Laura Ann Cobb and Leonardo “Johnny” Adler were at home on December
12, 2013, with their nephew Ricky Ramos, appellant, that was over visiting (R.R.III
11-12, 17-18). This was a common occurrence as Laura and Johnny had a good
relationship with appellant (R.R.III 13, 15, 52-53).
Johnny was in the kitchen cooking oatmeal (R.R.III 55). Appellant left and
came back about an hour later (R.R.III 57). When appellant returned, he entered
through the unlocked door without knocking, which was not unusual (R.R.III 62).
Appellant did not seem right when he walked in, he appeared to be “out of it”
(R.R.III 62-63).
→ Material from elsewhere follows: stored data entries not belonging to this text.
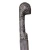 At some point in history, this blade was brought to the Caucasus, where it was set into a beautifully crafted niello handle in the style of the region. The eared handle is decorated with remarkably intricate floral, filigree, and geometric patterns throughout. Similarly executed niello work can be found on every metal fitting of the black leather-wrapped wooden scabbard.
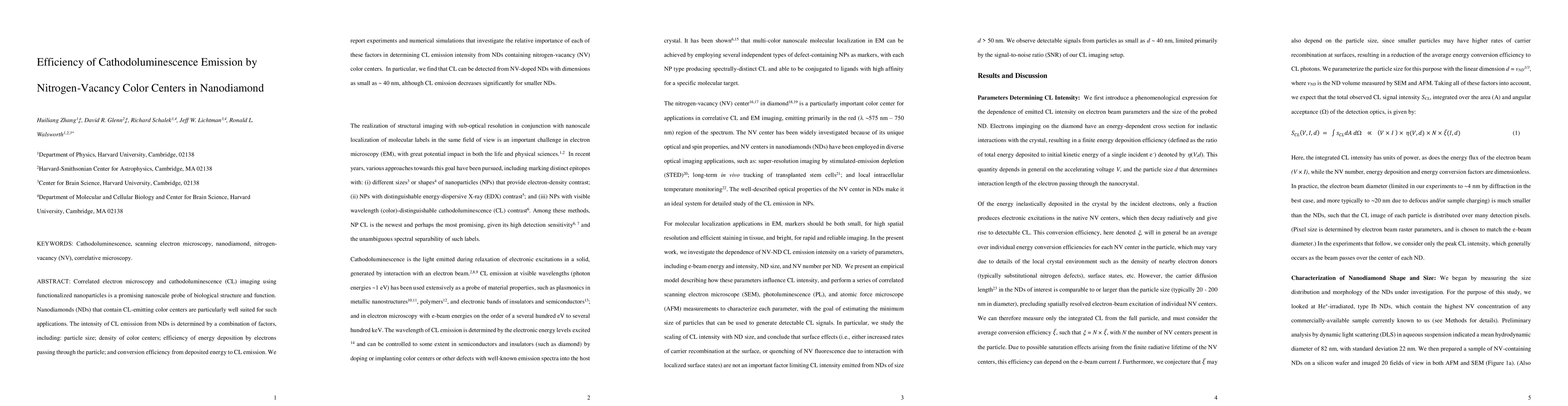 This paper investigates the efficiency of cathodoluminescence (CL) emission from nitrogen-vacancy (NV) color centers in nanodiamonds (NDs), finding that CL intensity depends on particle size, color center density, and energy conversion efficiency. Experiments and simulations reveal that CL can be detected from NV-doped NDs as small as ~40 nm, but diminishes for even smaller particles.
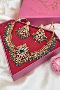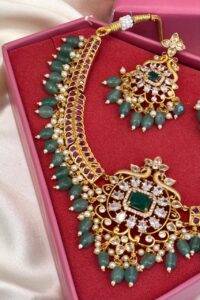Be the first to review “Moissanite Premium Luxuria Ruby Embrace Gold Polish Necklace Set”
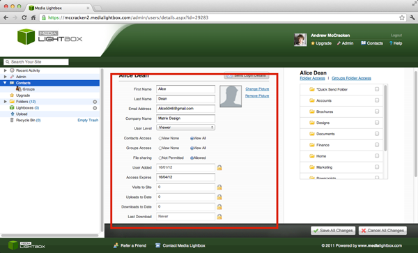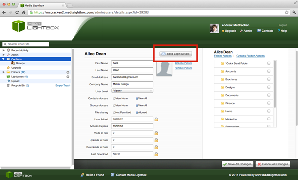 This page shows how to Edit Contact Information, Edit Folder Access and Send Contact Details and edit multiple contacts, see the relevant steps below:
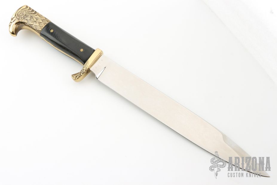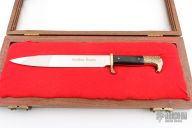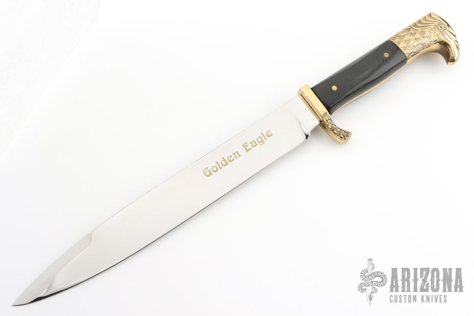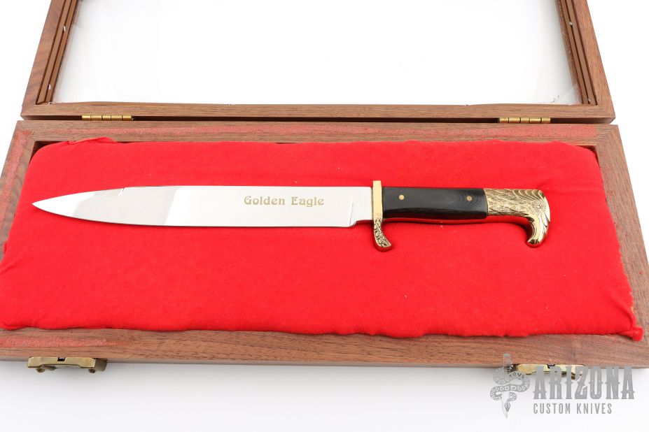 This collector's knife from Kershaw is #4405 of 5000 made in Solingen, Gemany. Features mirror polish blade with "Golden Eagle" engraving. Blade is 1/4" thick and 1 1/4" deep. Brass guard and pommel that features the head of an eagle. Comes with display case. Excellent condition.
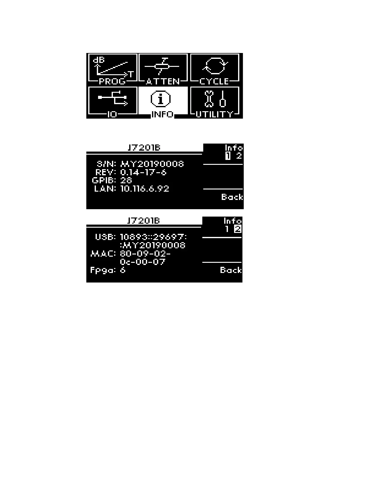 2 There are 2 pages of information for J7201A/B/C. Press Info softkey once to move to page 2 or
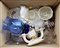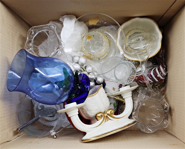 Lotto composto da numerosi oggetti in vetro e in ceramica di forme e decori differenti. In un cartone (difetti)
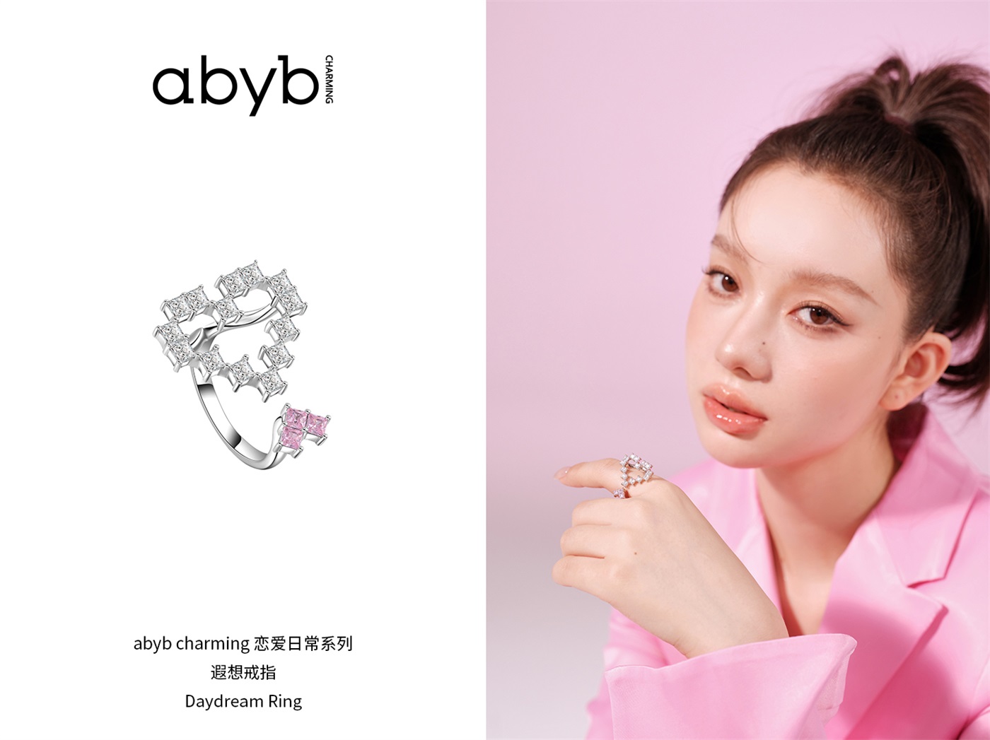 ABYB CHARMING 遐想戒指愛心開口戒百搭原創設計飾品首飾小眾
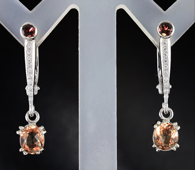 Серьги с гранатами со сменой цвета, диаспорами и бесцветными сапфирами
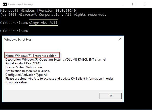 步驟 2:要查找 Windows 版本,請執行以下命令:slmgr.vbs /dli,然後點擊進入。
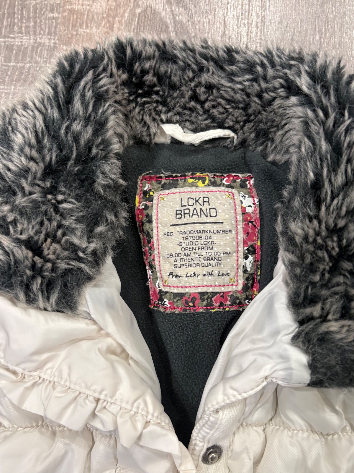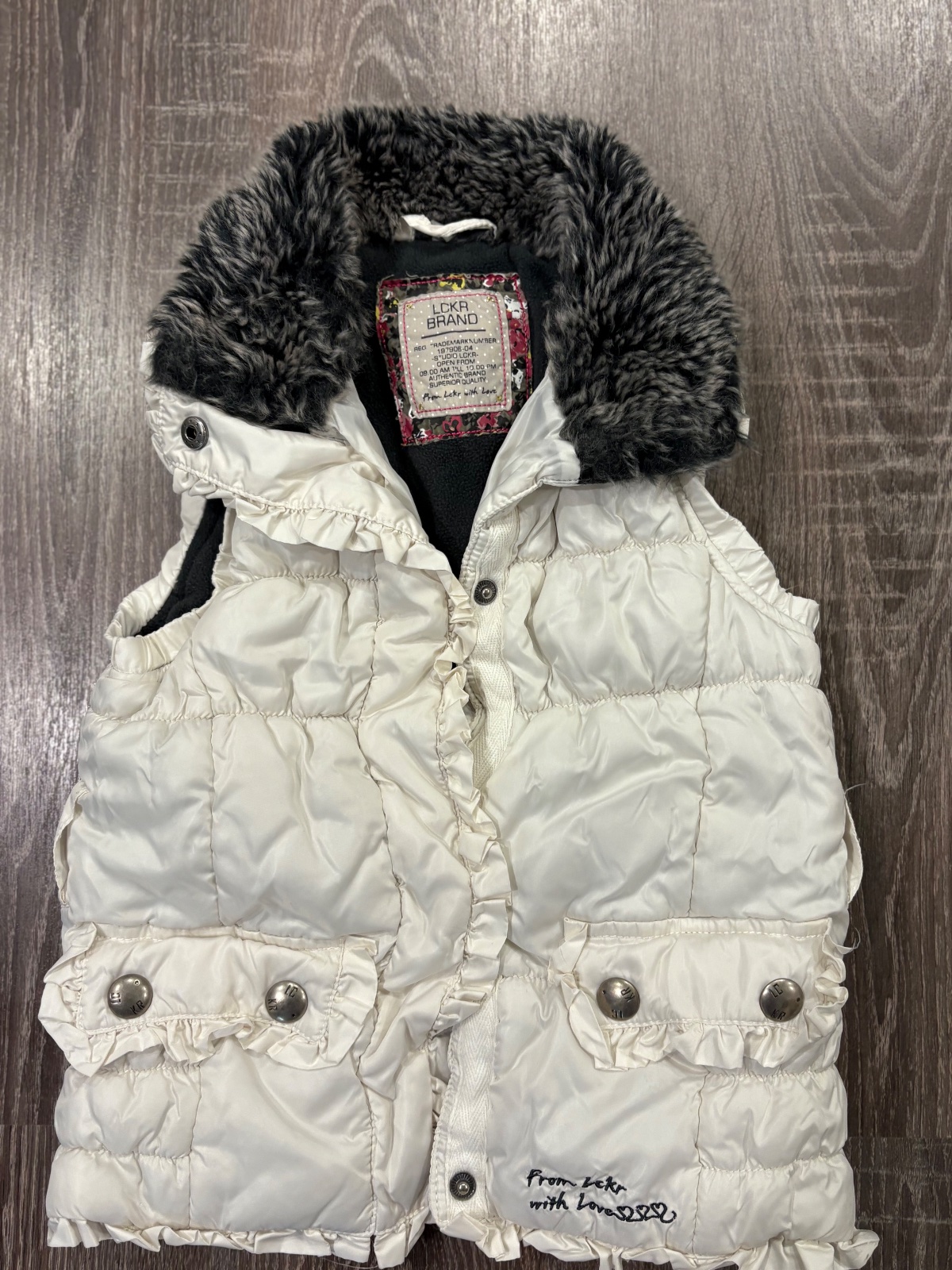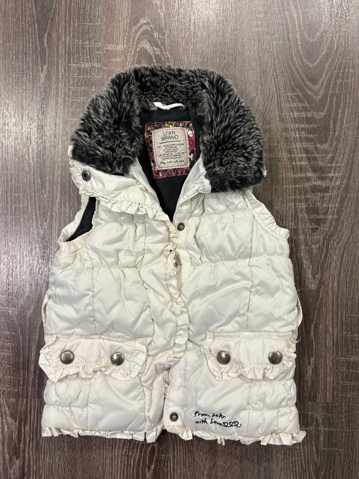 3.LCKR frajerska dievčenska vesta s kožušinkou, teplučka na prechodne počasie, vo velkosti 110/116, dlžka je 44cm a širka v podpazuší je cca 32x2cm..velmi pekna
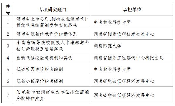 为深入开展应对气候变化领域重大问题和政策研究,我委于9月25日发布了《2018年度应对气候变化领域专项研究承研单位征集公告》,经比选审核,确定中南林业科技大学等5家单位为专项研究承担单位。具体如下:
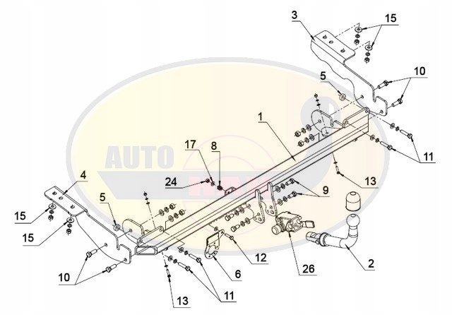 Комплект фаркопа с горизонтально отделяемой шаровой от крупнейшего и лучшего польского производителя AUTO-HAK, от единственного официального представителя бренда на Аллегро.
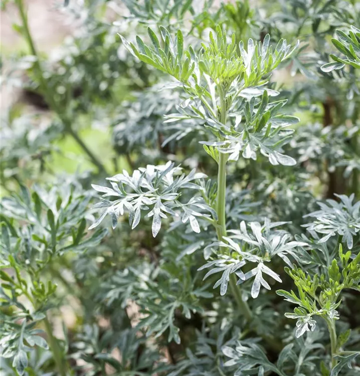 Der Echte Wermut ist wintergrün und trägt silbrige Blätter.

Johnny offered appellant some oatmeal, and asked him if he was okay
(R.R.III 63). While Johnny’s back was turned to appellant, appellant walked up behind
Johnny and stabbed him (R.R.III 64-65). The knife blade broke off inside of Johnny,
but appellant was undeterred and began stabbing Johnny with the handle of the knife
(R.R.III 67). Appellant stabbed Johnny three to four times (R.R.III 29, 67). Johnny
fell to the ground (R.R.III 68). Johnny said to appellant “[w]hate are you doing?[] I
didn’t do nothing to you” (R.R.III 68). Johnny was able to grab onto appellant and
pull him to the ground, and hit him with a pan (R.R.III 72-73).
Laura had taken her medication at 8 p.m. and fell asleep, but was woken up
thirty to fort-five minutes later to Johnny yelling “Laura, come get me. Come get me.
I’m bleeding.” (R.R.III 19-20, 57, 72-73). Laura got up and went into the dining room
and saw Johnny on the floor bleeding and “holding onto [appellant]” (R.R.III 20-21,
74). Laura got appellant off of Johnny, and called 911, and told the 911 dispatcher
that appellant appeared to be under the influence of “Cush” (R.R.III 23, 25, 76,
State’s Exhibit 6). Johnny had already lost a lot of blood and could barely talk (R.R.III
25-26). Police arrived shortly (R.R.III 27, 76). The officer tried to slow the bleeding by
putting pressure on the stab wound (R.R.III 30, 76). Johnny was in a lot of pain and
thought he was going to die (R.R.III 77).
2
Laura saw the handle of a knife on the floor, but could not find the blade until
EMS had taken Johnny out of the house (R.R.III 29). The knife did not come from
Laura’s and Johnny’s apartment (R.R.III 48). Once the officers arrived, one officer
put pressure on Johnny’s stab wound until EMS arrived (R.R.III 30). An ambulance
took Johnny from the apartment, but then he was transferred to a life flight helicopter
and taken to the Ben Taub Hospital (R.R.III 30-31, 78). Johnny was in the hospital
for several days (R.R.III 78). Johnny now has to walk with a cane, and has a scar from
the stab wound right by his spine (R.R.III 80, 83).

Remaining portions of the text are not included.